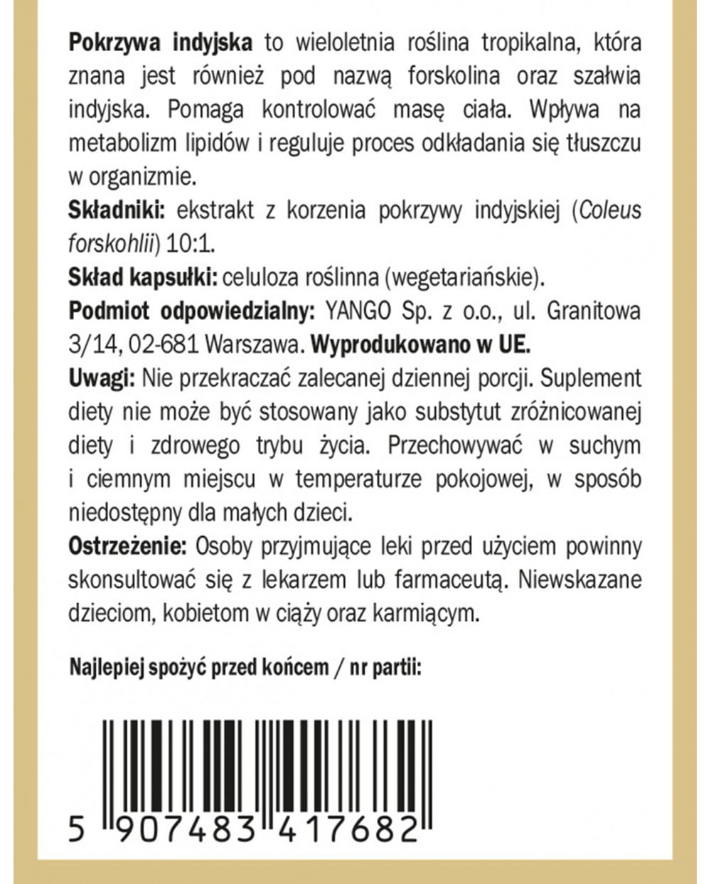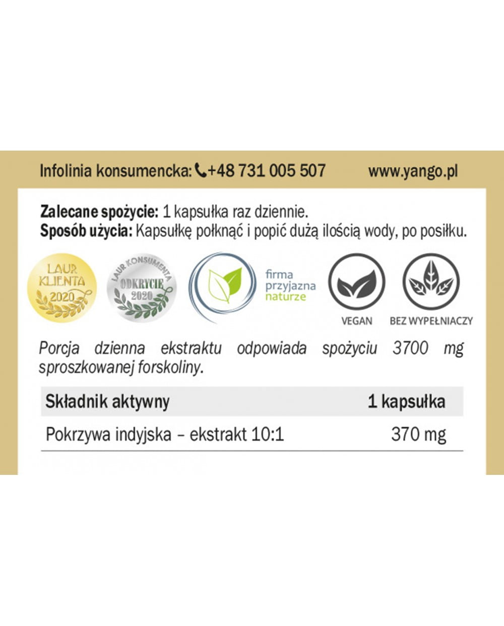 Yango - Forskolina - Pokrzywa indyjska - 90 kaps. - Kontrola Wagi
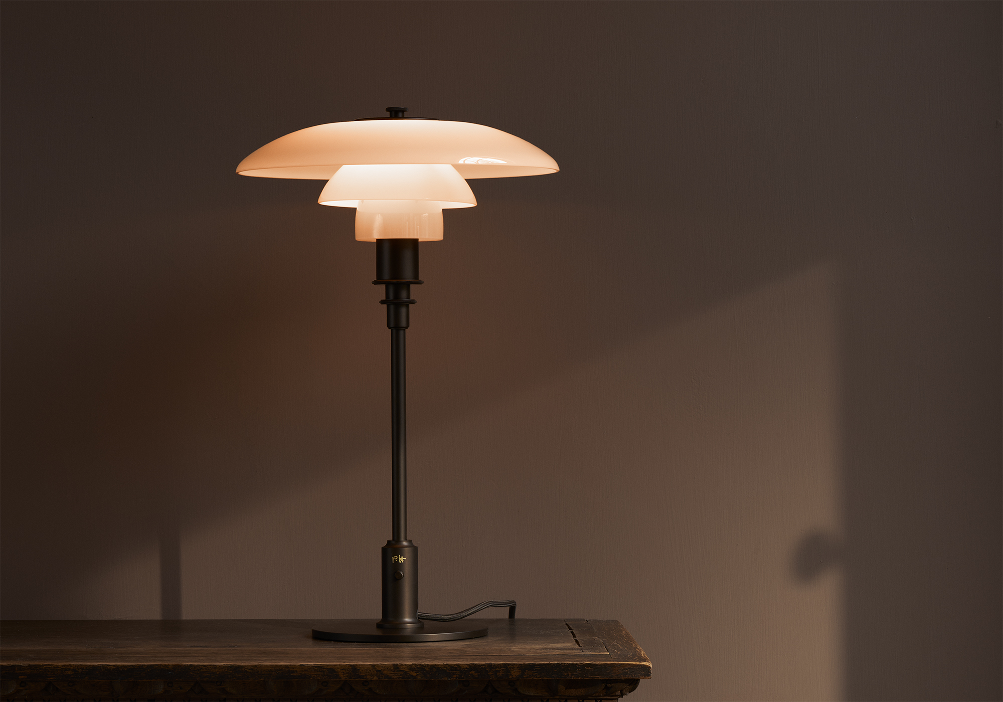 「PH 3/2 Table」は約47cmの高さで、サイドボード、サイドテーブルなどの上で灯具としてもオブジェとしても、空間のワンポイントとしてご使用いただけるアイテムです。また、3枚のガラスシェードは眩しさを取り除き、光をテーブル面と上方の空間に広げるという機能にもとづいたタイムレス・デザインであるため、どのようなスタイルの空間にも調和します。
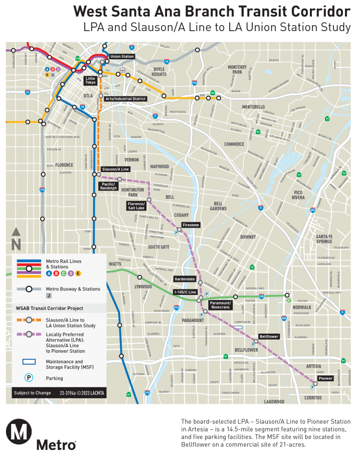 In 2022, Metro decided to proceed initially with a lower 9-station segment extending from the Slauson A Line Station to the city of Artesia. The remaining northern leg, from Slauson to downtown L.A. would be a built as a later phase.
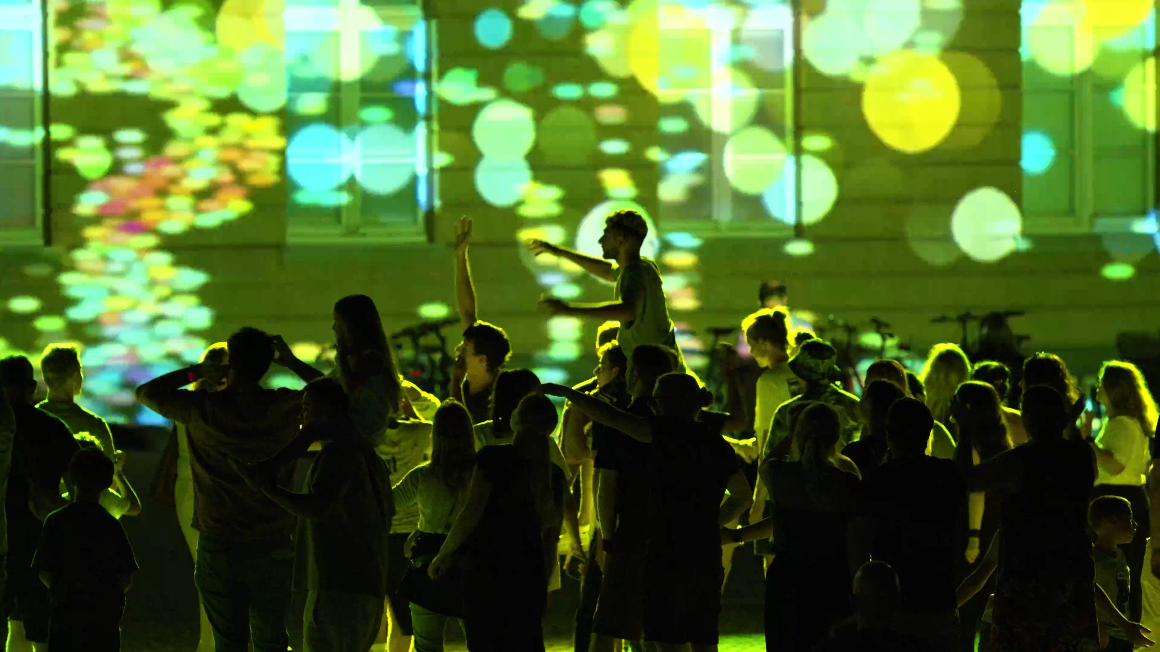 The action space is emphasised by a colourful light design, the more the audience interacts with the façade the more the installation comes to life, the more the audience dances the more the castle façade is coloured.

Task description
Where the line containing "In 2022, Metro" appears in the data above, begin there and output every line through the last, exactly and without pictures.

Answer to this problem
 In 2022, Metro decided to proceed initially with a lower 9-station segment extending from the Slauson A Line Station to the city of Artesia. The remaining northern leg, from Slauson to downtown L.A. would be a built as a later phase.
 The action space is emphasised by a colourful light design, the more the audience interacts with the façade the more the installation comes to life, the more the audience dances the more the castle façade is coloured.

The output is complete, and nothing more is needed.